* [DATA EXTRACTS]
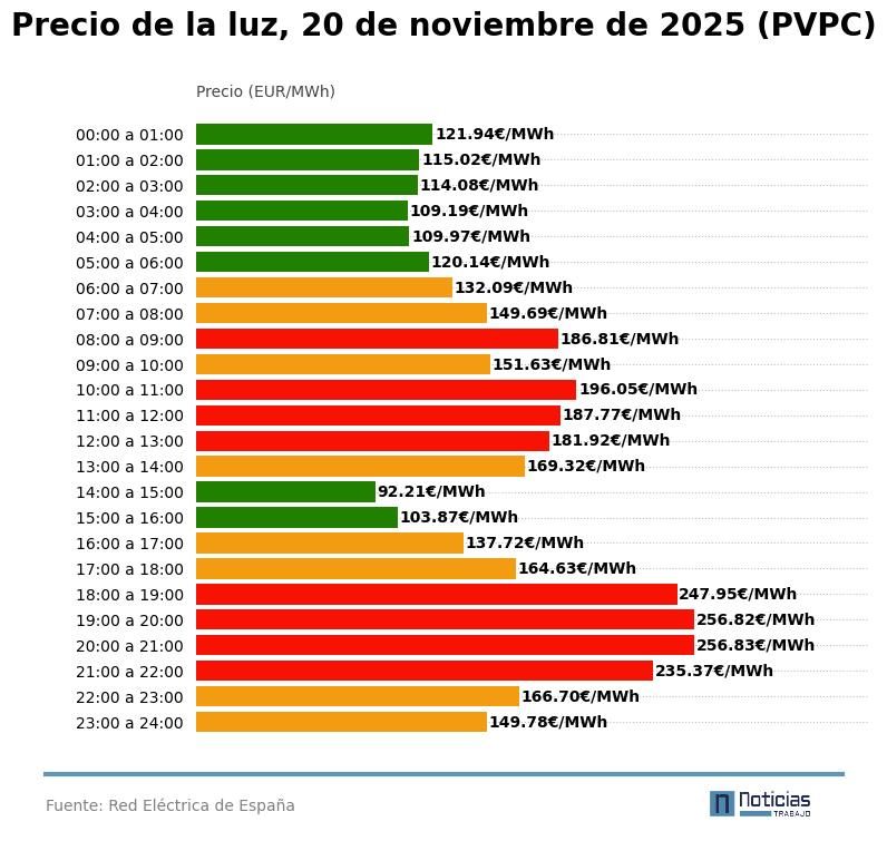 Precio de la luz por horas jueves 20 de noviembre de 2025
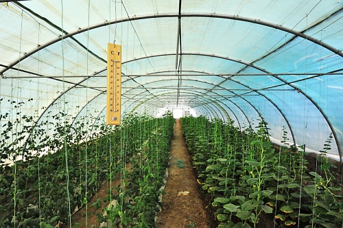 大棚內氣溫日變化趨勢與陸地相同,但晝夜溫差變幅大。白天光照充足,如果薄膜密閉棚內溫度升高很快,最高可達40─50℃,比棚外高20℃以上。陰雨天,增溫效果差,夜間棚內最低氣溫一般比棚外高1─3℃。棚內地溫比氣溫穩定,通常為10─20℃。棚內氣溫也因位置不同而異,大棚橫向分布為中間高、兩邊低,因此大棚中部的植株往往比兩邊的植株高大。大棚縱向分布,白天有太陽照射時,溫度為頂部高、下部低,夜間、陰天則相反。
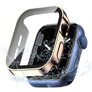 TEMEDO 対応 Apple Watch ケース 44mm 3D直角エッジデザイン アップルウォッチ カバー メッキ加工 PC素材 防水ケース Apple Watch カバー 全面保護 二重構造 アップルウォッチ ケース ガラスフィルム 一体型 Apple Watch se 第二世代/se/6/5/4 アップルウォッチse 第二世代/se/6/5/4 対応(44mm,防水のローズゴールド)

==

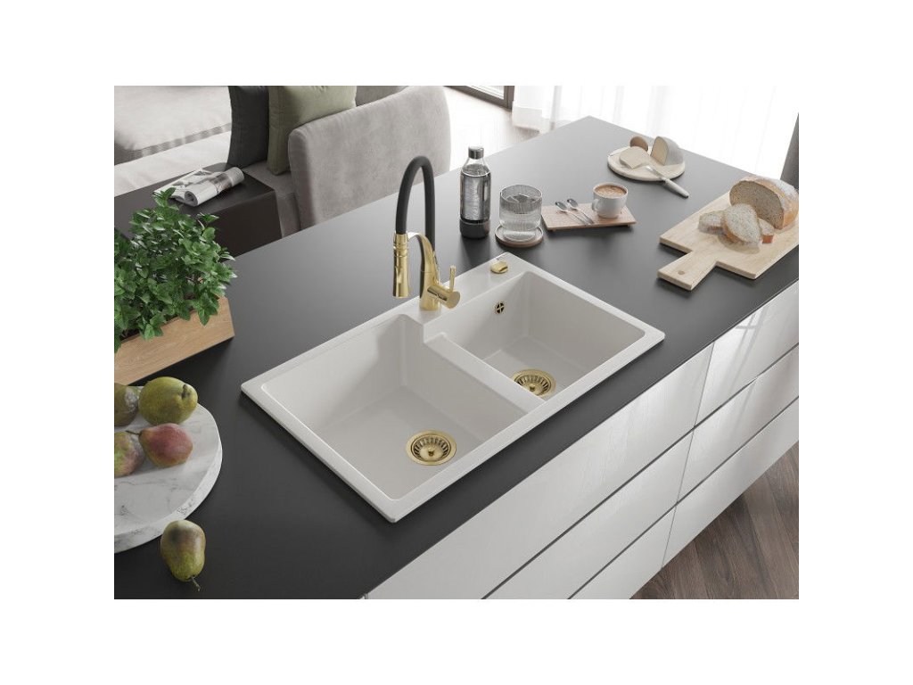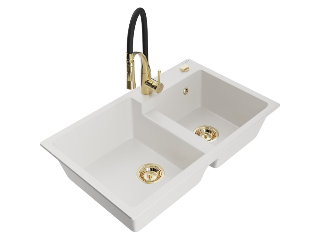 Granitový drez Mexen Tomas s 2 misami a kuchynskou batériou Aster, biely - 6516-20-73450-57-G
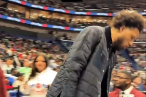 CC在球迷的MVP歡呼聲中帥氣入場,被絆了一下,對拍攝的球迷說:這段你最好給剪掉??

* [WHAT THE TASK ASKS] Output exactly the lines above, beginning at the one with "Precio de la" and stopping after the one with "TEMEDO 対応 Apple". Pictures are to be omitted.

* [YOUR RESPONSE]
 Precio de la luz por horas jueves 20 de noviembre de 2025
 大棚內氣溫日變化趨勢與陸地相同,但晝夜溫差變幅大。白天光照充足,如果薄膜密閉棚內溫度升高很快,最高可達40─50℃,比棚外高20℃以上。陰雨天,增溫效果差,夜間棚內最低氣溫一般比棚外高1─3℃。棚內地溫比氣溫穩定,通常為10─20℃。棚內氣溫也因位置不同而異,大棚橫向分布為中間高、兩邊低,因此大棚中部的植株往往比兩邊的植株高大。大棚縱向分布,白天有太陽照射時,溫度為頂部高、下部低,夜間、陰天則相反。
 TEMEDO 対応 Apple Watch ケース 44mm 3D直角エッジデザイン アップルウォッチ カバー メッキ加工 PC素材 防水ケース Apple Watch カバー 全面保護 二重構造 アップルウォッチ ケース ガラスフィルム 一体型 Apple Watch se 第二世代/se/6/5/4 アップルウォッチse 第二世代/se/6/5/4 対応(44mm,防水のローズゴールド)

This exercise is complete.